The denomination confirmed long-standing accusations against the
Rev. Bill Pruitt as part of an unprecedented 18-month investigation
that doubled the number of Mr. Pruitt's known victims.
A report to be released Tuesday called for the parent church to make
significant policy changes aimed at preventing clergy abuse and
recommended further inquiries. The 173-page report centered on
mission work at boarding schools in Congo during Mr. Pruitt's
service there from 1945 to 1978.
But it urged that the Presbyterian Church (U.S.A.) investigate new
separate allegations rising from the Congo inquiry that
missionaries' children also were sexually and physically abused at
schools in Egypt from the 1950s to the 1980s and in Cameroon in the
1960s.
In addition, the Presbyterian investigation by an independent
five-member committee concluded that an unnamed Methodist missionary
abused children in Congo from 1968 to 1970 and that the United
Methodist Church should undertake an investigation of its own.
"We are committed to preventing abuse from happening again," Barbara
Renton, chairwoman of the Presbyterian Church's governing council,
said in a statement that pledged action on the report. "We are
committed to addressing each of the concerns" raised in the
"thorough report and recommendations." National officials, including
Ms. Renton, declined to comment further until the report's official
release Tuesday.
The investigation found that Mr. Pruitt, who died in 1999, had at
least 17 victims in Congo and that the abuse continued after he was
transferred to Highland Park Presbyterian, from 1970 to 1976, and
returned there in 1978 after two years back in Africa. He retired
from the Highland Park church in 1985.
"This evidence was more than compelling; it was overwhelming," the
report said. "At the close of the investigation, with the puzzle
pieces in place, the ... [committee] is left with an inescapable
conclusion about which there can be no doubt," that Mr.
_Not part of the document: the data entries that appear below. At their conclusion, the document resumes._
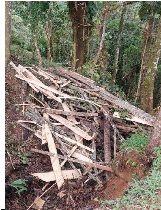
Imagen 20. Residuos del aprovechamiento forestal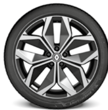
20-Zoll-Leichtmetallfelge diamantpoliert Schwarz Techno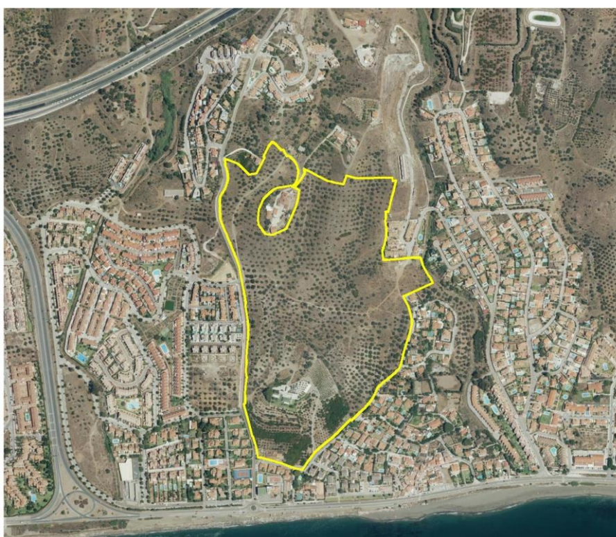
Figura 2. Imagen aérea del área intervenida y su entorno.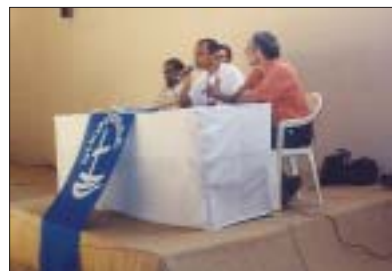
"IV Fórum Social Mundial", Índia, 2004 – Painel contra a intolerância religiosa "IV World Social Forum", India, 2004 – Panel against religious intolerance

The anti-Davos Economic Forum network, as is widely known, has acquired weight and relevance in the world scenario as a space for networking hopes to build a new world, to challenge the single model and the morbid single neoliberal solution for the fate of the planet. Much more than a Social Forum against the Economic Forum , the WSF has brought together fuzzy and disperse dynamics of reconstructing the oikoumene on new bases, which start from concepts of radical democracy, participation, and dialogue among the civil societies of the world and between them and their States. The encounter of WSF participants with mainstream planet themes, with networks of networks, of the most diverse movements that share common purposes but are

Pruitt
molested 22 females, including three adults, a total of "at least 48
times." Their median age was 12 to 13. Two girls were not believed
when they told other missionaries that they had been molested by the
kindly man who entertained children with magic tricks and humor.
The report doesn't name victims or even Mr. Pruitt, although
supporting documentation and the details of cases make it clear that
he is the primary "missionary and male staff member" in the
chronicle.
The document concluded that at least four girls and one woman were
sexually abused on dates that correspond with Mr. Pruitt's stints as
an associate pastor at Highland
Park Presbyterian, one of the largest and most influential
congregations in the 2.6
million-member denomination and a leader in mission work.
Accusations consistent
One of the women said she was abused frequently from 1971 to 1974.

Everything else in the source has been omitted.